Is there a more exciting wine region in the world right now than Sicily? And, within this island, anything cooler than what’s happening in the area surrounding Mount Etna?
It was a pleasure to be invited to a lunch given by Planeta, whose six wineries ring Sicily. Our special guest was Alessio Planeta and our focus was on five bottles from their Etna winery, Feudo di Mezzo.
[I’d also like to mention this lunch literally whet my appetite for Sicily as I’ll be headed there at the end of September on a media trip to visit Planeta’s properties. I am mega-stoked!]
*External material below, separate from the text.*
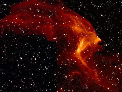 宇宙冲击波是星系团碰撞时产生的。这张照片显示了在Abell 3667星系团中观测到的两种...

Right after this lunch someone asked me which wine was my favorite. I had to be extremely wishy-washy and say, “I loved them all.” Seriously. It’s an impressive lineup. Speaking of, here are the Mount Etna wines I tasted:
Planeta Metodo Classico Brut NV (100% Carricante grapes) $40
What?!? Sparkling wine from Mount Etna. I first tried this in Sicily and fell hard for this bottle of bubbles. Interestingly enough, I was queried if I enjoyed it as much in Seattle. This is always the fear regarding a wine you enjoy while on romantic travels (well, a press trip but the setting was uber-romantic): it will taste (much) better on-site than back at home. I am pleased to report this was not the case. The Planeta Brut was soft like linen, citrusy like lemon curd, and lingering like the ending of a great novel. This Metodo Classico was made for all of the finest fried foods. You can also drink it with abandon on its own.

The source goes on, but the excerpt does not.